(Task to complete) Reproduce the entries below exactly, but only from the line containing "Her vibrant red" to the line containing "Matte plasma high-tech", inclusive.

(Dataset)
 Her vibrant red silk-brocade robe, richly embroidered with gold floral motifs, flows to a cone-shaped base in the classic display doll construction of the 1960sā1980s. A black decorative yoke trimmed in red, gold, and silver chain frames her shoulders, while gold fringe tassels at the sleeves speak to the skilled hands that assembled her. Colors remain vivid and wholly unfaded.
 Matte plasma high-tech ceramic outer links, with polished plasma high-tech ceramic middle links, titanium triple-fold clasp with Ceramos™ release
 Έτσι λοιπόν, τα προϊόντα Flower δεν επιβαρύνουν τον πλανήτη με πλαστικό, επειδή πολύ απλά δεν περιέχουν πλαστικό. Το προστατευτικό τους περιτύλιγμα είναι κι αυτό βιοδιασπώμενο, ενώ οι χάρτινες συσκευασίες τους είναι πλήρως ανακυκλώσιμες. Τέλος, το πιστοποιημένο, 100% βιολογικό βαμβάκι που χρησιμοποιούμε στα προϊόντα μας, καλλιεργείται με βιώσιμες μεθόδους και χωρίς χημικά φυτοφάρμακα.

==

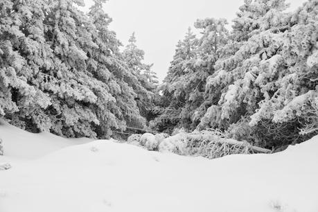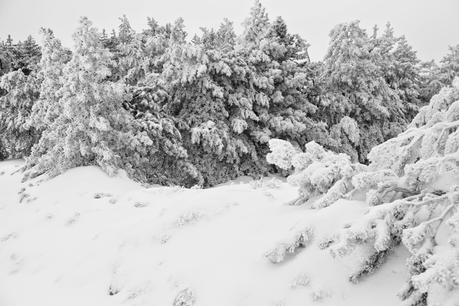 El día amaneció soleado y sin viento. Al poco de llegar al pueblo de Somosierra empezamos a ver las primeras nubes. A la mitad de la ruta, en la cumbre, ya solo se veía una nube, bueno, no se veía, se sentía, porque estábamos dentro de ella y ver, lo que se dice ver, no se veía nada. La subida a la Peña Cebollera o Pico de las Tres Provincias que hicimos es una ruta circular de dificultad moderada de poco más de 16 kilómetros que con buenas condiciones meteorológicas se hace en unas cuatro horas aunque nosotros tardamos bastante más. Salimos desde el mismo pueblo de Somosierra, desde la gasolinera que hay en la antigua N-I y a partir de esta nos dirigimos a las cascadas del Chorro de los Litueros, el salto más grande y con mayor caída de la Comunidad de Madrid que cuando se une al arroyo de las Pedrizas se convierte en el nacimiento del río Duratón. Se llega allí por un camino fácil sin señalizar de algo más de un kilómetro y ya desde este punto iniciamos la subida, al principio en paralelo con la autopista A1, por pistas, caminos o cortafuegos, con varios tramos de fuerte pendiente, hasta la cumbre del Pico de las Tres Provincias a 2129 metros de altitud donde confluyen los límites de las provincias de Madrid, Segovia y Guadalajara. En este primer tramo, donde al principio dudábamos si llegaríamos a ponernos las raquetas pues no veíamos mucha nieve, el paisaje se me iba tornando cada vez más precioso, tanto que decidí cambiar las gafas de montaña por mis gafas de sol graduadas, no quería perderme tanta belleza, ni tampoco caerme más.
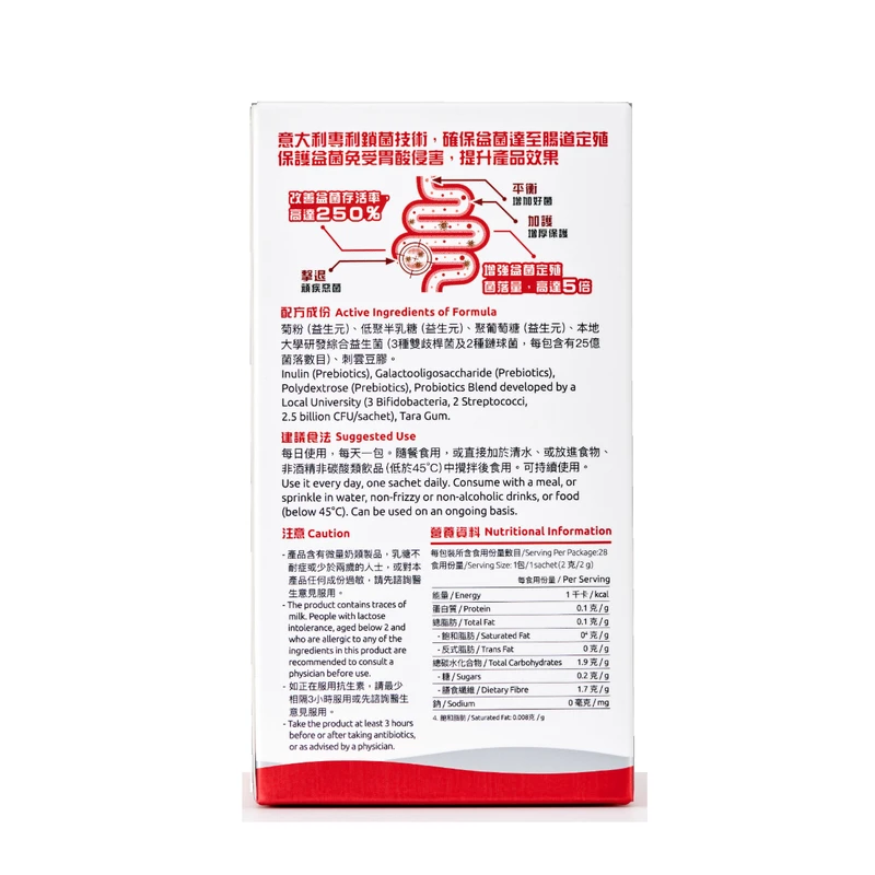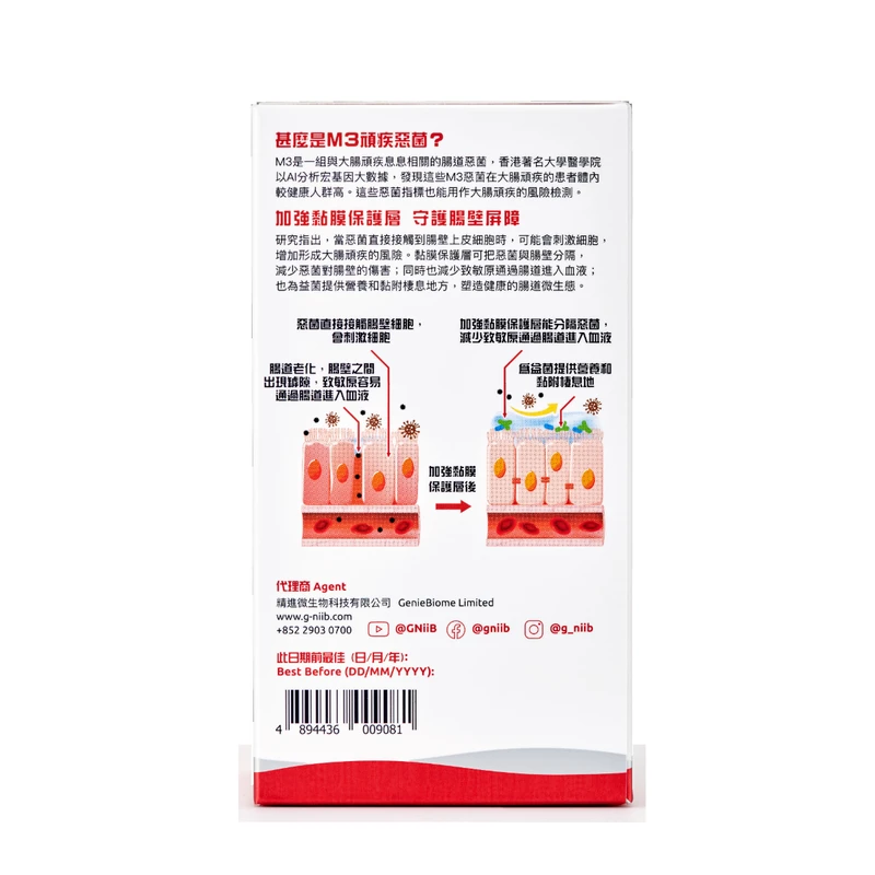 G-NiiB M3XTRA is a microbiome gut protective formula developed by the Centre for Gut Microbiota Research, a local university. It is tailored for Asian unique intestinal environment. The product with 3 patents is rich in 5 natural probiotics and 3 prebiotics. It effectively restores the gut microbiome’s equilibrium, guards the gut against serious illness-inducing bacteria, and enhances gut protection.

(Final answer)
 Her vibrant red silk-brocade robe, richly embroidered with gold floral motifs, flows to a cone-shaped base in the classic display doll construction of the 1960sā1980s. A black decorative yoke trimmed in red, gold, and silver chain frames her shoulders, while gold fringe tassels at the sleeves speak to the skilled hands that assembled her. Colors remain vivid and wholly unfaded.
 Matte plasma high-tech ceramic outer links, with polished plasma high-tech ceramic middle links, titanium triple-fold clasp with Ceramos™ release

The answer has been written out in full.